Quand les paysans sont les premières victimes des produits chimiques qu'ils manipulent, quand les cancers de la vessie explosent chez les viticulteurs, quand les céréaliers sont victimes de stérilité en raison de l'usage des pesticides, quel est le modèle de développement qui provoque toutes ces maladies, sinon le modèle productiviste de l'agriculture intensive dont les néo-libéraux sont les farouches partisans ?

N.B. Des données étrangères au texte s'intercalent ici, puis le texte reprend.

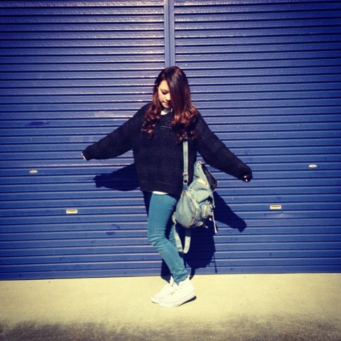 コーデもう1枚 miku Diary 作成日: 2013.2.11 この青いガレージが可愛かった。きのうのパンツとリュックも青だったからいーカンジ♪可愛いね、Blue写メもう1枚あったから載せてみたそれだけ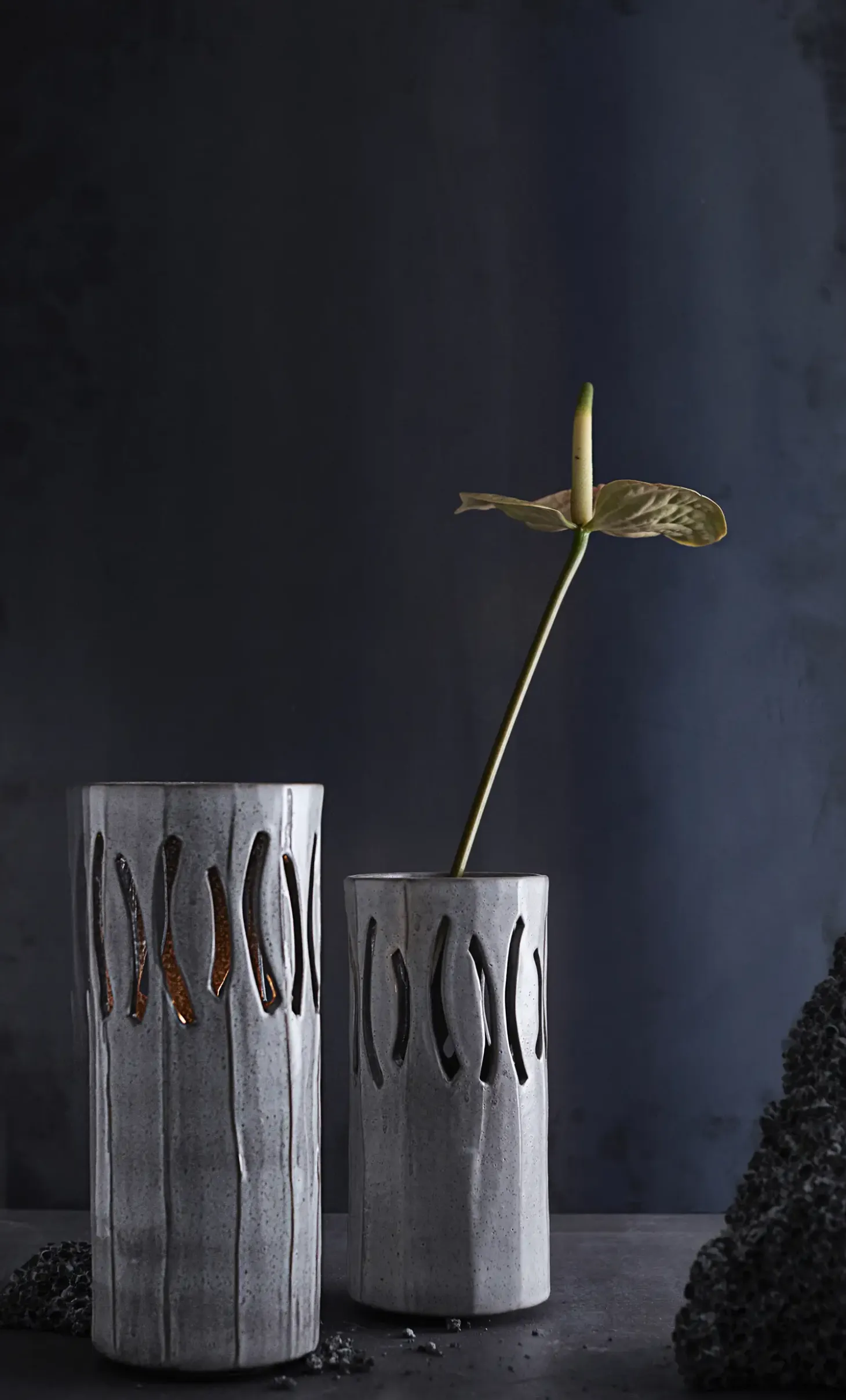 Gaia-lanternen er omhyggeligt formet af stentøj og håndglaseret for at opnå en lys, silkeblød overflade. De vertikale udskæringer i den øverste del skaber et interessant spil af lys og skygge, der kan tilføje dybde og karakter til ethvert rum. Denne særlige kombination af materiale og design gør hver lanterne til et lille kunstværk i sig selv.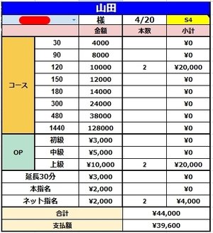 2名様接客頂いて¥39,600円です(*´ω`*)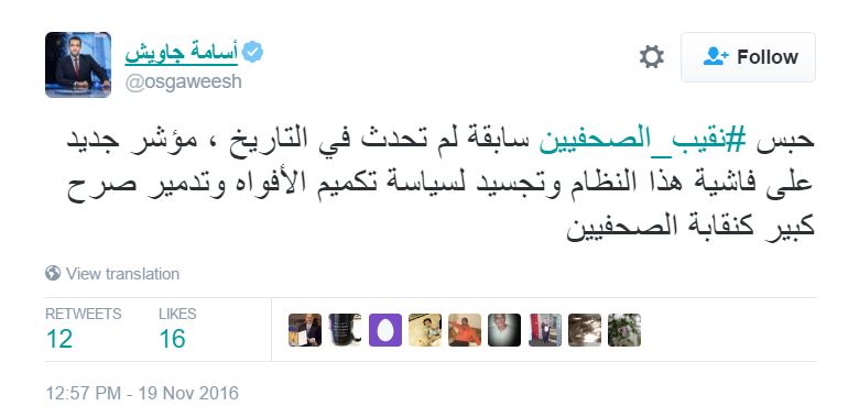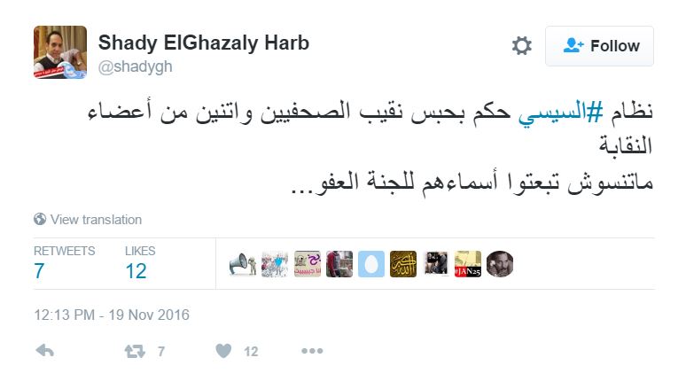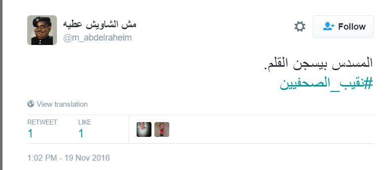 ودشن رواد موقع التدوينات الصغيرة “تويتر”، هاشتاج باسم “نقيب الصحفيين، بعد الحكم عليه بسنتين ، ومعه عضوي مجلس النقابة، خالد البلشي وجمال عبد الرحيم.

Pour expliquer en quoi tous les problèmes, économiques, sociaux et écologiques, sont liés, je voudrais prendre l'exemple du volailler Doux, qui entraîne aujourd'hui dans sa faillite 800 éleveurs.
Le groupe Doux a touché des milliards d'euros de subvention de l'Europe depuis 15 ans, dernièrement 56 millions en 2010, 35 millions en 2011, pour produire des poulets élevés en batterie, nourris aux Ogm et vendus congelés dans le monde entier et en inventant un système d'intégration, de l'élevage au plat cuisiné. Dans ce système intensif, l'éleveur n'est qu'un maillon d'une chaîne qui le dépasse : on lui fournit les poussins, les céréales pour les nourrir, il doit se contenter de contrôler au moyen d'ordinateurs la croissance accélérée de poulets qui n'auront de leur courte vie jamais vu un rayon de lumière naturelle ni un brin d'herbe. Dans ce système les éleveurs sont très mal rétribués : 0,197 € par kilo produit pour l'année 2010-2011. Les salariés des unités d'abattage ne sont pas mieux lotis, payés au Smic, sans rémunération de leur petite demi-heure de pause.
Doux exporte massivement au Moyen Orient et en Afrique. Dans ce continent les éleveurs locaux ne peuvent plus supporter la concurrence, cessent leurs activités, désertent les campagnes et affluent vers les mégalopoles où, chômeurs, ils vivent dans des bidonvilles. La nourriture de ces poulets de batterie est composée pour partie de maïs et pour partie de soja transgénique importé du Brésil qui pour les produire déforeste la forêt amazonienne pour le plus grand malheur des Indiens qui y vivent.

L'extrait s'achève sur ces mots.